Re: [PATCH v2] driver core: Don't let a device probe until it's ready
From: Doug Anderson
Date: Wed Apr 01 2026 - 17:13:29 EST
Hi,
On Wed, Apr 1, 2026 at 2:06 PM Danilo Krummrich <dakr@xxxxxxxxxx> wrote:
>
> On Tue Mar 31, 2026 at 5:26 PM CEST, Doug Anderson wrote:
> > Hi,
> >
> > On Tue, Mar 31, 2026 at 7:42 AM Danilo Krummrich <dakr@xxxxxxxxxx> wrote:
> >>
> >> > @@ -848,6 +848,18 @@ static int __driver_probe_device(const struct device_driver *drv, struct device
> >> > if (dev->driver)
> >> > return -EBUSY;
> >> >
> >> > + /*
> >> > + * In device_add(), the "struct device" gets linked into the subsystem's
> >> > + * list of devices and broadcast to userspace (via uevent) before we're
> >> > + * quite ready to probe. Those open pathways to driver probe before
> >> > + * we've finished enough of device_add() to reliably support probe.
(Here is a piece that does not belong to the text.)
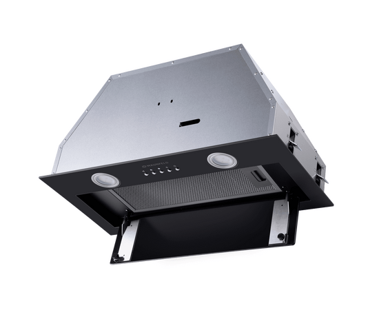 Стильная встраиваемая кухонная вытяжка шириной 60 см идеально подходит для большой кухни. Модель монтируется в навесной шкаф над поверхностью плиты. Может использоваться для отвода воздуха из помещения при подключении к системе домовой вентиляции или очищать воздух с помощью сменного угольного фильтра.
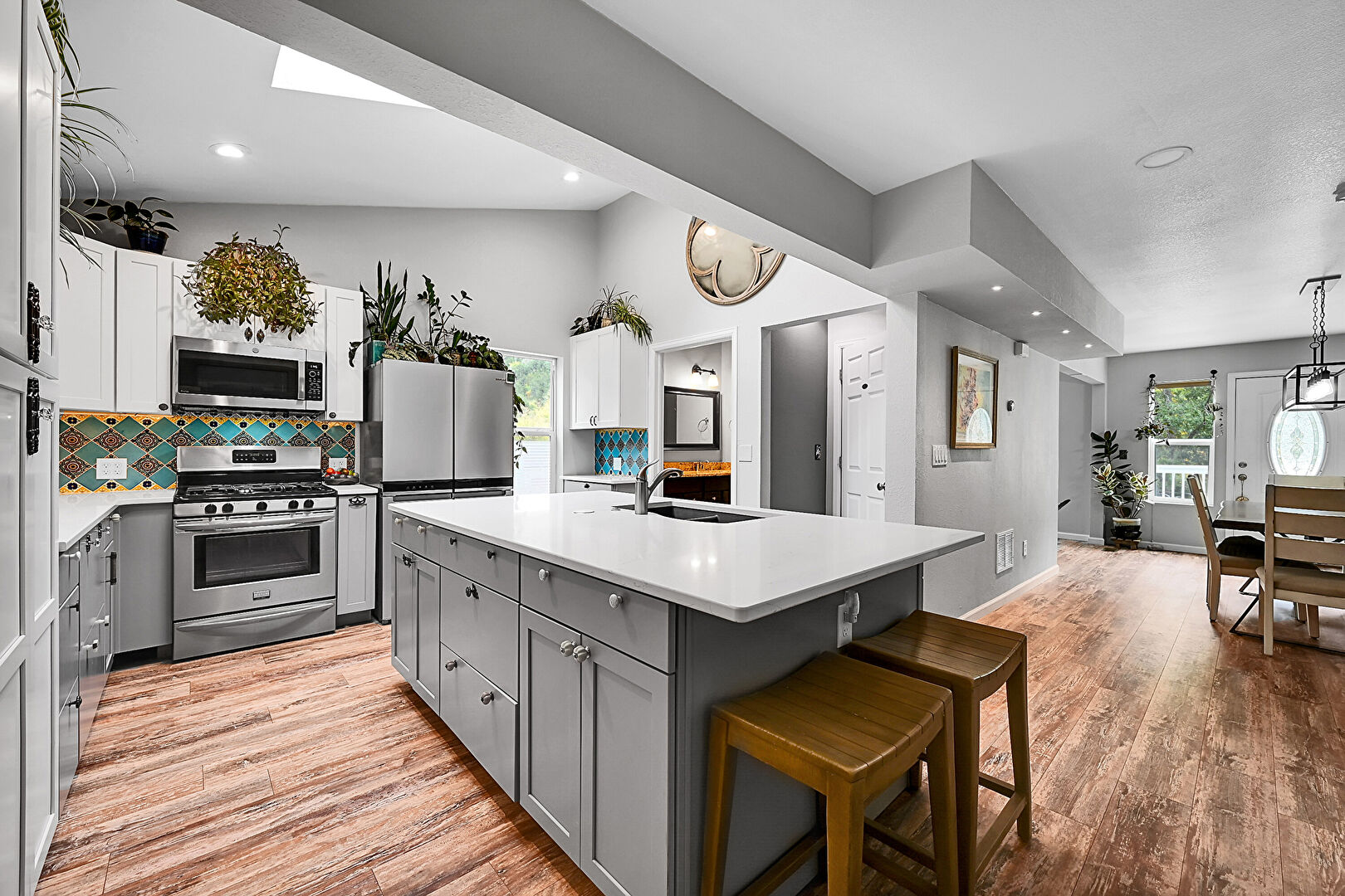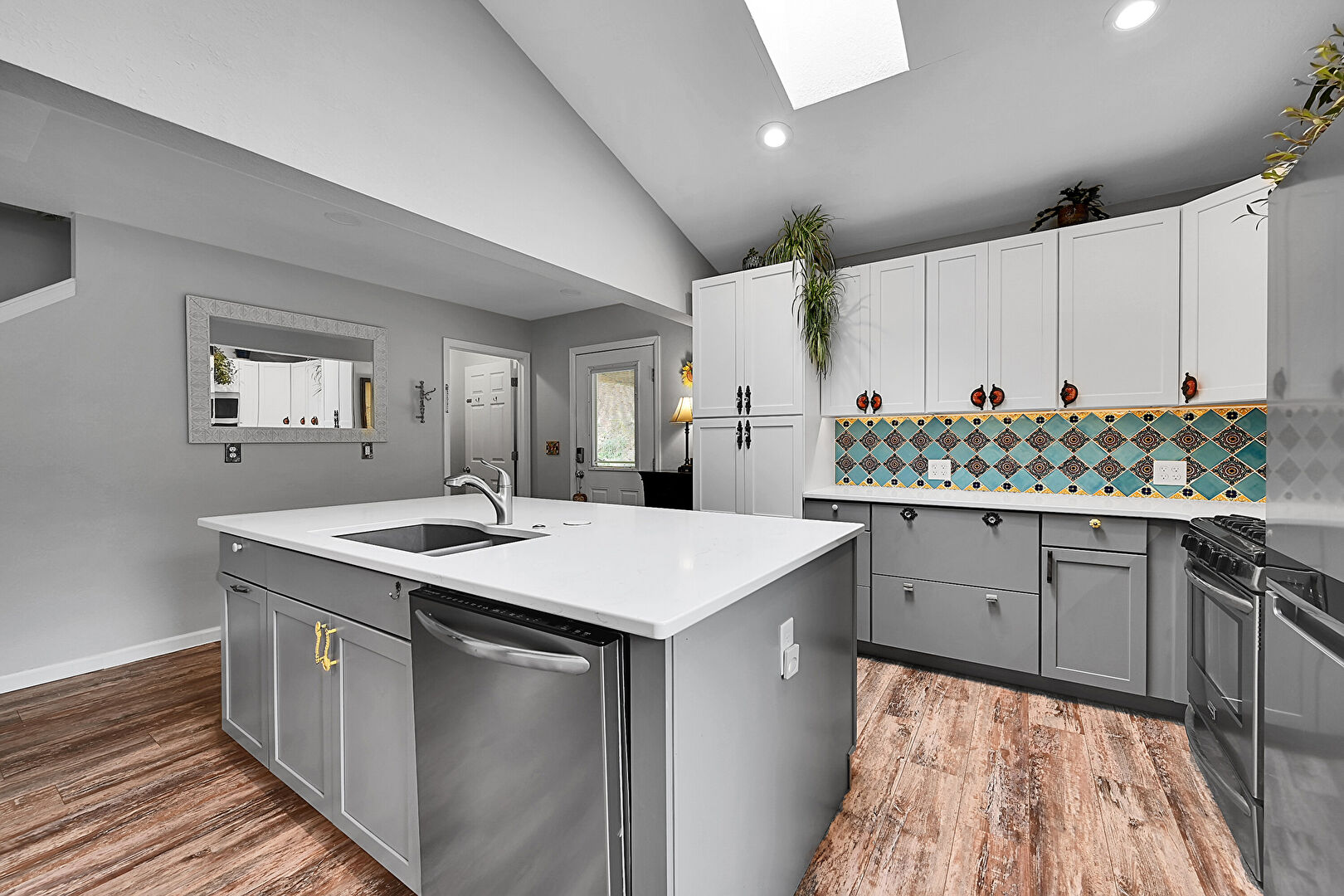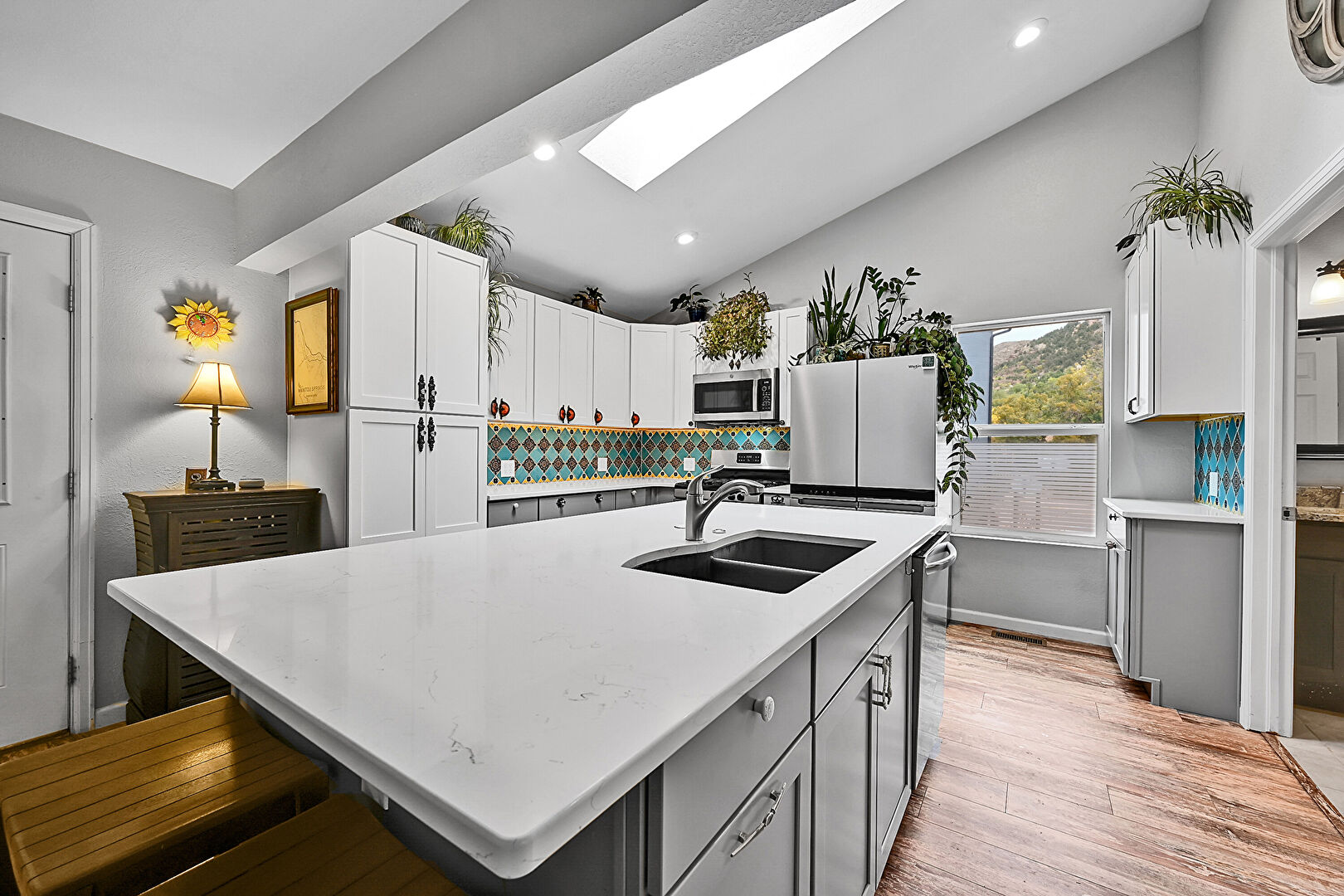 Baseboards Wall, Drywall, Gray Cabinets, High Ceiling, Kitchen Bar, Kitchen Island, Natural Light, Opens To Living Area, Pendant Lighting, Recessed Lighting, Shaker Cabinets, Skylight, Stone Countertops, Vaulted Ceiling, Wood Finish Floor, Baseboards Wall, Gray Cabinets, Natural Light, Recessed Lighting, Vaulted Ceiling, Wood Finish Floor

> >> > + * Detect this and tell other pathways to try again later. device_add()
> >> > + * itself will also try to probe immediately after setting
> >> > + * "ready_to_probe".
> >> > + */
> >> > + if (!dev->ready_to_probe)
> >> > + return dev_err_probe(dev, -EPROBE_DEFER, "Device not ready_to_probe");
> >>
> >> Are we sure this dev->ready_to_probe dance does not introduce a new subtle bug
> >> considering that ready_to_probe is within a bitfield of struct device?
> >>
> >> I.e. are we sure there are no potential concurrent modifications of other fields
> >> in this bitfield that are not protected with the device lock?
> >>
> >> For instance, in __driver_attach() we set dev->can_match if
> >> driver_match_device() returns -EPROBE_DEFER without the device lock held.
> >
> > Bleh. Thank you for catching this. I naively assumed the device lock
> > protected the bitfield, but I didn't verify that.
> >
> >
> >> This is exactly the case you want to protect against, i.e. device_add() racing
> >> with __driver_attach().
> >>
> >> So, there is a chance that the dev->ready_to_probe change gets interleaved with
> >> a dev->can_match change.
> >>
> >> I think all this goes away if we stop using bitfields for synchronization; we
> >> should convert some of those to flags that we can modify with set_bit() and
> >> friends instead.
> >
> > That sounds reasonable to me. Do you want me to send a v3 where I
> > create a new "unsigned long flags" in struct device and introduce this
> > as the first flag? If there are additional bitfields you want me to
> > convert, I can send them as additional patches in the series as long
> > as it's not too big of a change...
>
> I think the one with the biggest potential to cause real issues is can_match, as
> it is modified without the device lock held from __driver_attach(), which can be
> called at any time concurrently.
>
> (I think there are others as well, but they are more on the theoretical side of
> things. For instance, dma_skip_sync is modified by dma_set_mask(), which
> strictly speaking does not require the device lock to be held. In practice,
> that's probably never an issue since dma_set_mask() is typically called from bus
> callbacks usually, but it's not strictly a requirement.)
>
> More in general, from a robustness point of view, everything that is set once at
> device creation time is fine to be a bitfield; bits that are used for
> synchronization or are modified concurrently, I'd rather use bitops.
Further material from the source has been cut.